Nel tempo, il termine modello in architettura ha assunto molteplici significati, trasformandosi da schema statico a strumento dinamico. A partire dal XVIII secolo, i modelli sono stati utilizzati per dare ordine alle scelte progettuali, rispondendo ai bisogni di epoche diverse. Oggi, si distinguono quattro principali approcci, ognuno dei quali riflette una diversa visione del progetto e del rapporto tra spazio, funzione e utente.
Modello oggettivo
Nasce in contesti razionalisti e illuministi, dove il progetto è visto come risposta diretta a esigenze misurabili. L’obiettivo è ottimizzare spazi e funzioni sulla base di dati concreti, come fa Alexander Klein con i suoi studi sulla distribuzione domestica. In questo approccio rientrano strumenti come il Modulor di Le Corbusier e i manuali standardizzati del modernismo, pensati per garantire efficienza e replicabilità, soprattutto in periodi di ricostruzione o forte urbanizzazione.
Modello prestazionale
A partire dagli anni ’60, si comincia a considerare la complessità dei bisogni e delle relazioni spaziali. Christopher Alexander propone di scomporre le funzioni in elementi minimi e di riorganizzarle non più in schemi rigidi ad albero, ma in reti articolate, come nel concetto di semilattice.
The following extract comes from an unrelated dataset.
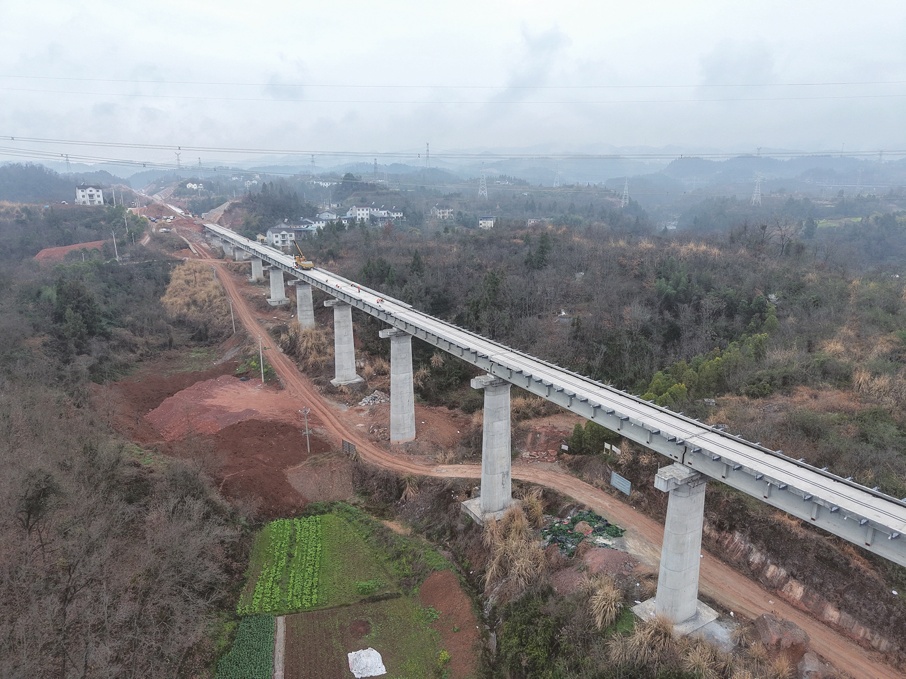 站在太平村特大桥上望去,已经贯通的桥梁像一条灰色的长龙,蜿蜒在初春的山谷里。桥下,枯木发出新芽。桥面上,工人们正忙着浇筑、安装、测量。

Questo modello consente una lettura più flessibile e profonda dei contesti, aprendo a soluzioni meno schematiche e più integrate.
Modello strutturalista
Ispirato agli studi antropologici e linguistici, questo approccio vede l’architettura come una struttura di regole fisse ma con parti modificabili. È centrale il concetto di open building, formulato da John Habraken, secondo cui la parte permanente di un edificio può convivere con componenti adattabili, trasformabili nel tempo dagli utenti. Si afferma così l’idea di un progetto che non si chiude nella forma finale, ma resta aperto all’uso e al cambiamento.
Modello diagrammatico
Con l’uso crescente dei computer, il progetto diventa un sistema di relazioni in continua evoluzione. Il modello diagrammatico non definisce forme, ma processi: lavora con dati, flussi, parametri ambientali. Architetti come Peter Eisenman o Ben van Berkel di UNStudio usano diagrammi come strumenti generativi. Ne sono esempi la Mobius House – una casa in cui funzioni e movimento si fondono in uno spazio fluido – o il Mercedes-Benz Museum di Stoccarda, in cui la logica distributiva è dettata da connessioni funzionali più che da gerarchie formali.
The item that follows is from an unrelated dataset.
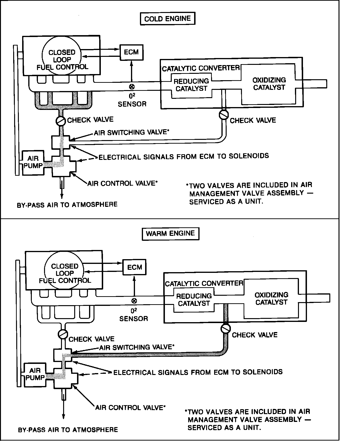 The control valve assembly combines both the divert function and the air switching function in one housing. The air control valve provides air divert to the air cleaner for converter protection or directs air to the switching valve. The air switching valve directs the air to the exhaust manifold during cold engine operation. It directs air to the converter bed when the system is in closed loop. When divert is needed, the ECM turns off the divert solenoid in the air control valve assembly, forcing air to be diverted to the air cleaner.

L’evoluzione del modello riflette il passaggio da una visione lineare e oggettiva dell’architettura a una concezione più fluida, interattiva e aperta al cambiamento. Oggi, grazie agli strumenti digitali, il modello non serve più solo a rappresentare, ma a generare possibilità: è una guida per interpretare la complessità del mondo e per costruire spazi capaci di adattarsi nel tempo.